Maybe that’s why “We are the 99%” signs look to me like the lyrics to Hard
Travelin’. And maybe that’s why people all over the country gathered last
weekend to sing Woody’s songs and celebrate his centennial.
I bet you didn’t learn these lyrics in grade school when
they taught you to sing This Land is Your Land:
As
I went walking I saw a sign there
And on the sign it said "No Trespassing."
But on the other side it didn't say nothing,
That side was made for you and me.
And on the sign it said "No Trespassing."
But on the other side it didn't say nothing,
That side was made for you and me.
In
the shadow of the steeple I saw my people,
By the relief office I seen my people;
As they stood there hungry, I stood there asking
Is this land made for you and me?
By the relief office I seen my people;
As they stood there hungry, I stood there asking
Is this land made for you and me?
Woody Guthrie would have been 100 years old last Saturday. A
troubadour who wandered the country during the Great Depression, Woody remains
one of the most influential American songwriters of all time, inspiring folks
like Bob Dylan, Bruce Springsteen, and Pete Seeger. He recorded hundreds of
songs and wrote lyrics for thousands more. His songs reflect his experience
growing up in Oklahoma and traveling throughout the United States during the
Great Depression. His songs reflect America.
Yes, as
through this world I’ve wandered, I’ve seen lots of funny men,
Some
will rob you with a six-gun, and some with a fountain pen.
And as
through your life you travel, yes, as through your life you roam,
You will
never see an outlaw drive a family from their home.
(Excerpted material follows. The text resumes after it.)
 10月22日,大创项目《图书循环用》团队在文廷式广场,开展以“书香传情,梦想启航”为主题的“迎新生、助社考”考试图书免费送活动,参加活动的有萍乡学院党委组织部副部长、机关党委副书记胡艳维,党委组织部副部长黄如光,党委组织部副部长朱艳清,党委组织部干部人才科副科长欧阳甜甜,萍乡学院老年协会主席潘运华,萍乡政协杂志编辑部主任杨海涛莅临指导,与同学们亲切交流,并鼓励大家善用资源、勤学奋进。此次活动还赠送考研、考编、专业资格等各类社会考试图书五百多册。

For me, Woody’s influence grows more from what he wrote than
the amount he wrote. His was an often humorous, often earnest, message about
what it was to be a hard workin’ person in America. He was a humanist. He
demanded justice and he demanded fairness. He gave voice to Arkies and Okies,
Mexican migrant workers, and union maids alike. He hated those who benefited
from inequity—from fascists to racists to bankers who turned farmers into
dustbowl refugees.
When dust storms are sailing, and crops they are failing,
I'm a jolly banker, jolly banker am I.
I'm a jolly banker, jolly banker am I.
I check up your shortage and bring down your mortgage,
Singin' I'm a jolly banker, jolly banker am I.
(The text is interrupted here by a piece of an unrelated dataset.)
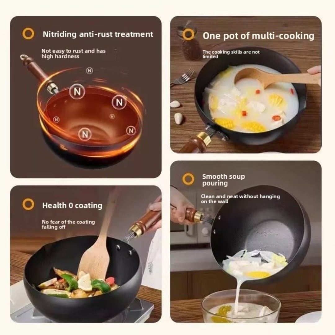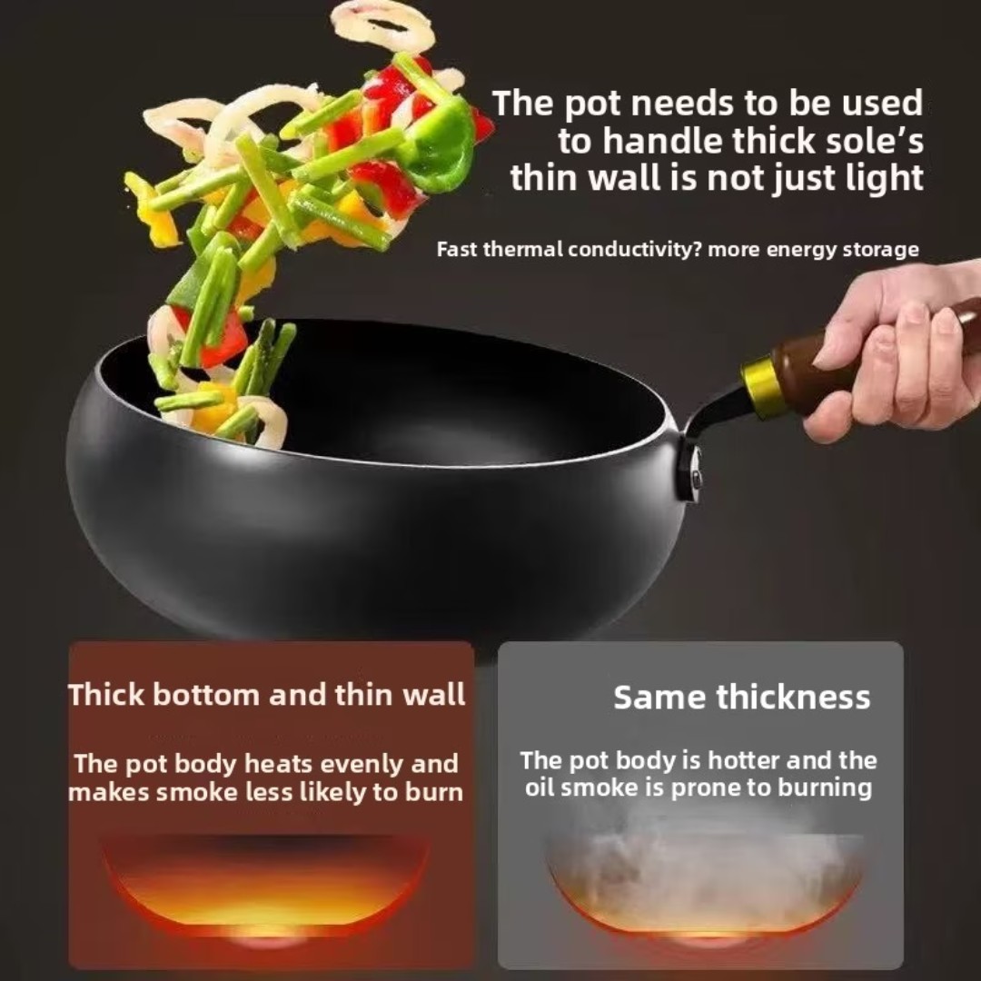 Deep Bowl-Shaped Design: Generous depth is ideal for stir-frying, sautéing, deep frying, and preparing soups without splashing.

I take comfort in the crackling of Woody’s recordings from
eighty years ago and lyrics distilled from the Dustbowl. They seem familiar,
those songs about foreclosures, deportations, poverty, and getting a raw deal.
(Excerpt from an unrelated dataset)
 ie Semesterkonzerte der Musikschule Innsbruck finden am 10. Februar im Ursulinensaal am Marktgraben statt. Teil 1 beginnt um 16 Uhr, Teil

At the same time, their resonance is unsettling. Didn’t we
do this once? Didn’t we solve these problems already? Haven’t we already fought
these battles? Yes. We did. Much of what Woody parodied, derided, and fought
with his guitar wasn’t just the natural condition of hard workin’ people, it
was the product of capitalism run amok. By the time he achieved fame, the
causes of those problems—if not the problems themselves—had been mitigated by
the New Deal, including federal regulation of the banking and financial
sectors.
Eighty years on, we’ve gone out of our way to exhume Woody’s
muse. We dismantled financial regulations and the regulatory apparatus. We got
familiar results: rising income inequality, a foreclosure crisis, persistent
unemployment—an economy that increasingly appears to work for a very narrow
jolly banker segment of the populace, leaving the rest of us in the dust.
You
won't have a name when you ride the big airplane
All
they will call you will be deportees
But the familiarity of Woody’s lyrics doesn’t stop there.
Unions are busted and look like they will remain so. The debate over
immigration consigns undocumented works to an undifferentiated mass known as
“illegal.” And throughout this country laws are being ever more directed at
preventing individuals from exercising their fundamental freedoms instead of protecting
them.
Every
state in this union us migrants have been,
We work
in this fight, and we’ll fight till we win.
1 comment:
We dismantled financial regulations and the regulatory apparatus.
As someone who favors deregulation and smaller government I was hoping you could expand on this, because based on these charts the evidence seems rather thin that the regulatory apparatus was anything close to dismantled.
Now, I do remember increased regulation via Sarbanes-Oxley, but am unfamiliar with any significant deregulation taking place. If this is a reference to the repeal of Glass-Steagall, meanwhile, even Elizabeth Warren has conceded that it would have done nothing to prevent the 2008 financial crisis.
Lastly, I'm curious if you consider income inequality -- which you list as a side effect of deregulation -- a problem, and if so why.